I cannot understand why do two versions of copy constructor work differently (because of enable_if).
template <typename Type>
struct Predicate : std::integral_constant<bool, true>
{
};
template <>
struct Predicate<int> : std::integral_constant<bool, false>
{
};
template <typename FooType>
struct Settings
{
Settings() {}
// Here it works fine
template <typename OtherFooType>
Settings(const Settings<OtherFooType>& other, std::enable_if_t<Predicate<OtherFooType>::value, int*> = 0) {}
// In this case enable_if does not work
//template <typename OtherFooType>
//Settings(typename std::enable_if<Predicate<OtherFooType>::value, const Settings<OtherFooType>&>::type other){}
};
int main()
{
Settings<float> f = Settings<char>();
return 0;
}
From my point of view, here enable_if is the SFINAE way to conditionally remove copy constructor. It should work in both cases. Maybe am I missing understaing of SFINAE?
>Solution :
In the second example the template parameter OtherFooType appears only left to the scope resolution operator :: in the function parameter.

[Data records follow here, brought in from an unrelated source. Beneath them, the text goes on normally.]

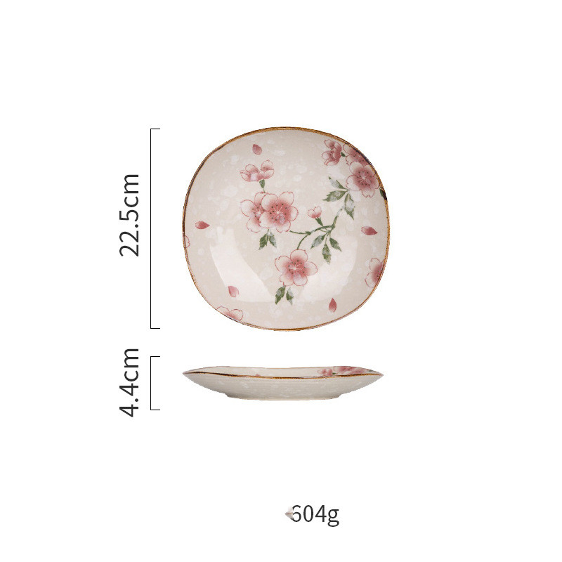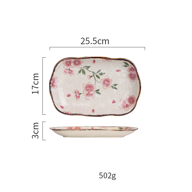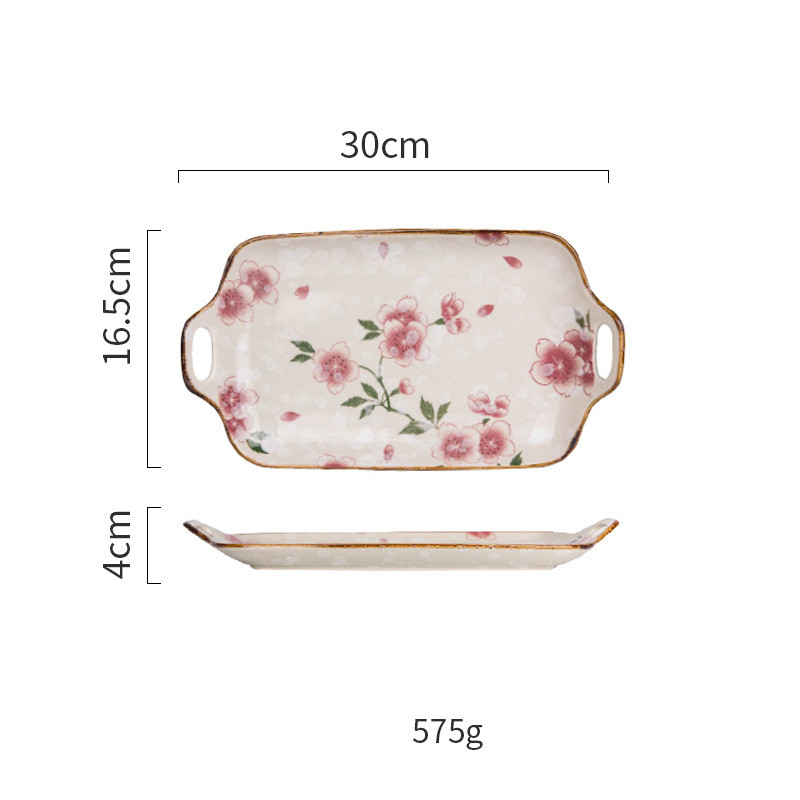 P: Dancing Sakura 11.8-inch Square Ear Long Plate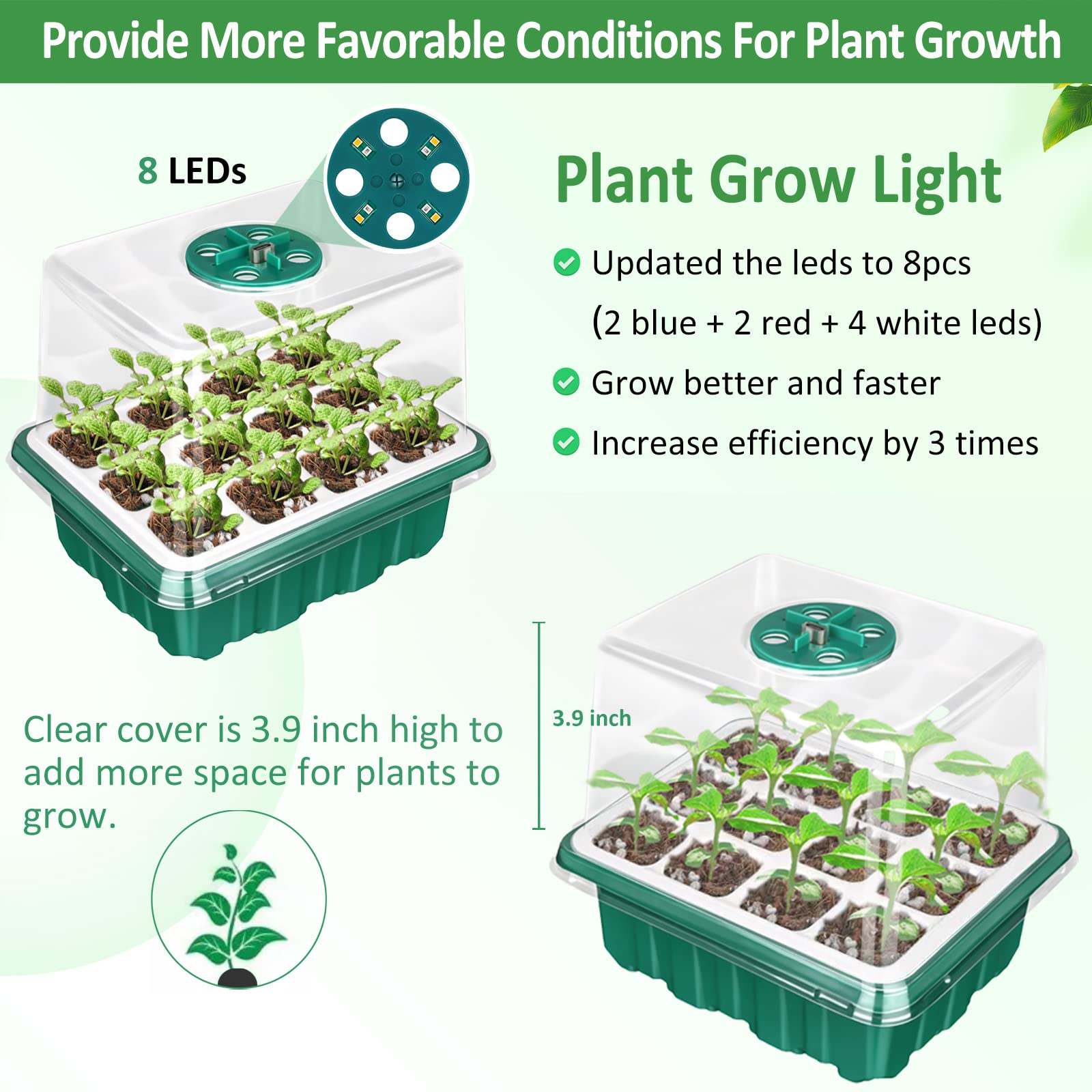 • 【Seed Starter Trays with Grow Lights】: Rarello seed starter tray is upgraded with full-spectrum 2 red+2 blue +4 warm white total of 8 grow light beads which is much more efficient for plant growth compared to regular only 4 white lights. Plant growth lights can artificially control the growing temperature, light quality, light intensity, and light cycle, so that plants are always in the best growing environment, day, night, or cold winter.
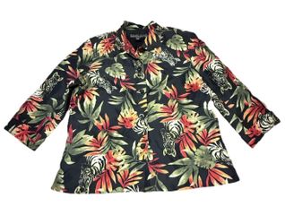 Silkland Zebra 100% Silk Jacket Blazer Womens Size 8 Black Tropical Palm EUC$22Kailua-kona, HI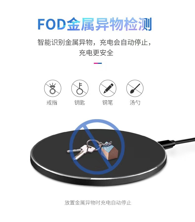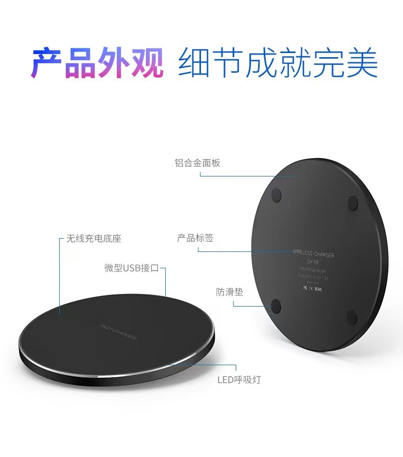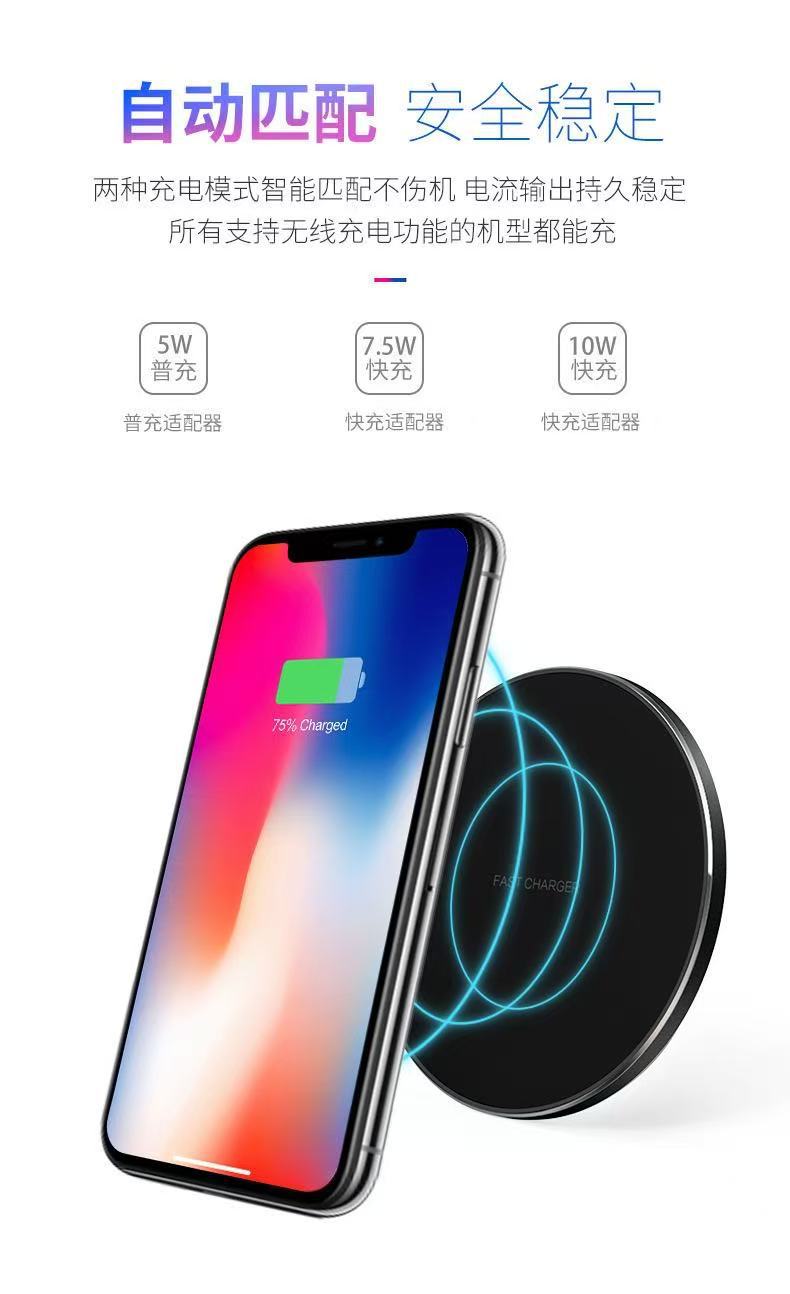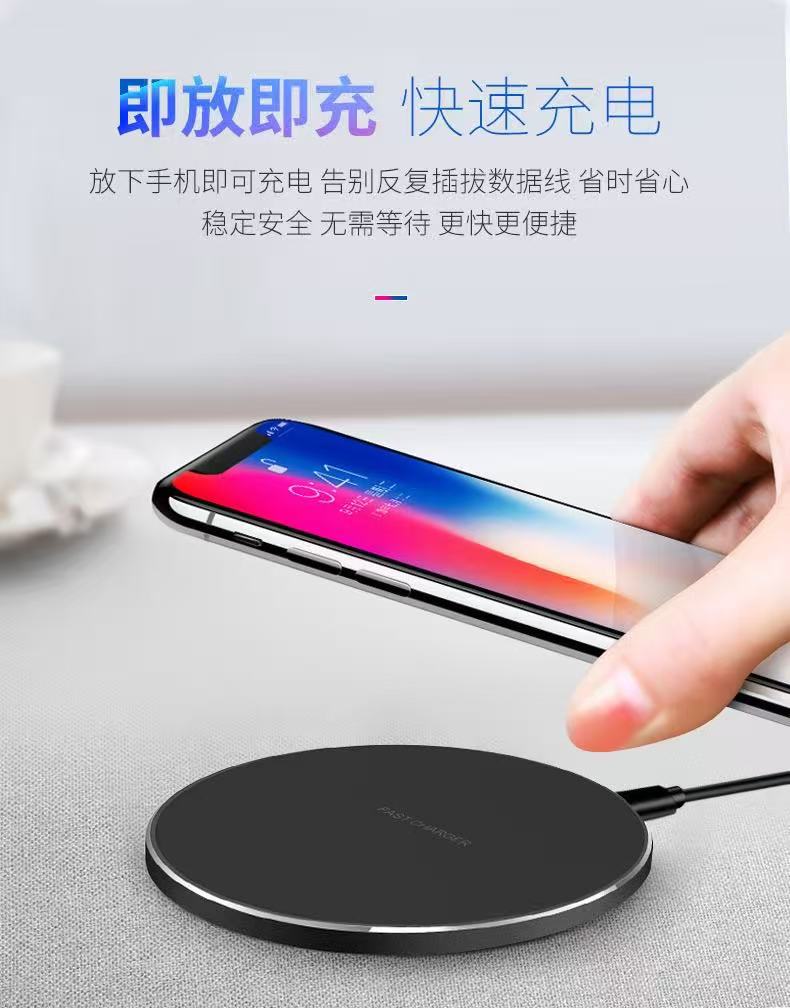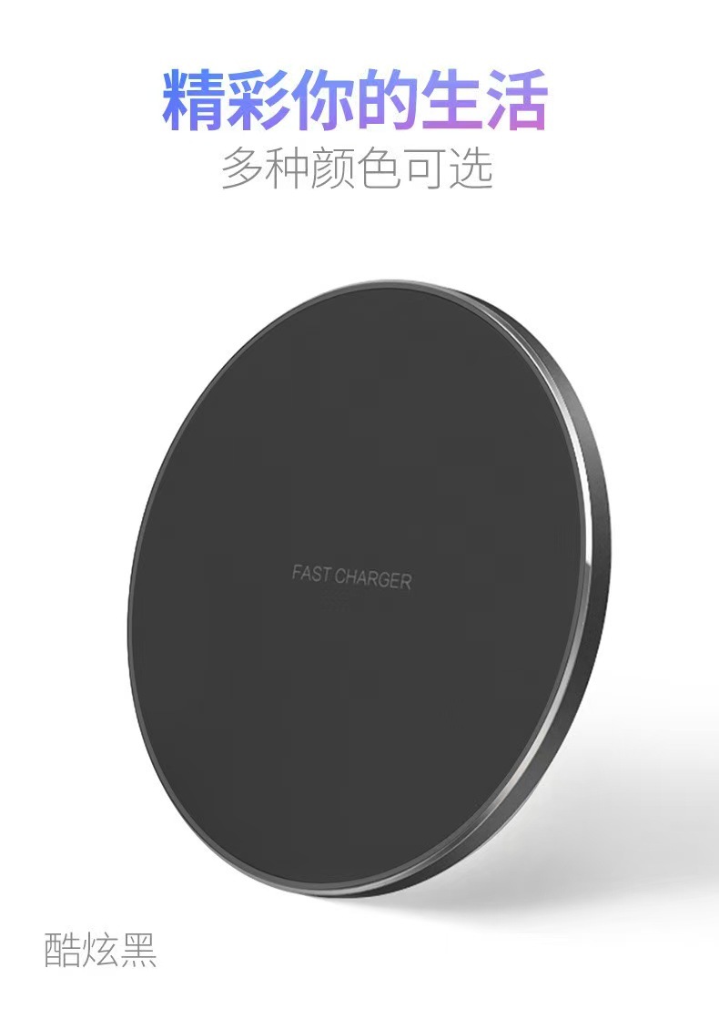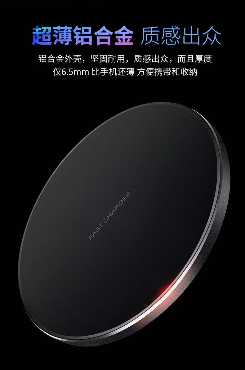 15W圆形无线充电器30W/50W铝合金桌面圆盘无线充手机充电器快充

Everything left of :: in a type specified by qualified name is a non-deduced context, meaning that the template argument for OtherFooType will not be deduced from the function parameter/argument pair.
As a consequence there is no way to deduce OtherFooType and so the constructor is always non-viable.
SFINAE doesn’t even matter since that would be relevant only when substitution happens after successful deduction.
Also, (specializations of) constructor templates are never copy constructors. These are converting constructors and a copy constructor will still be declared implicitly.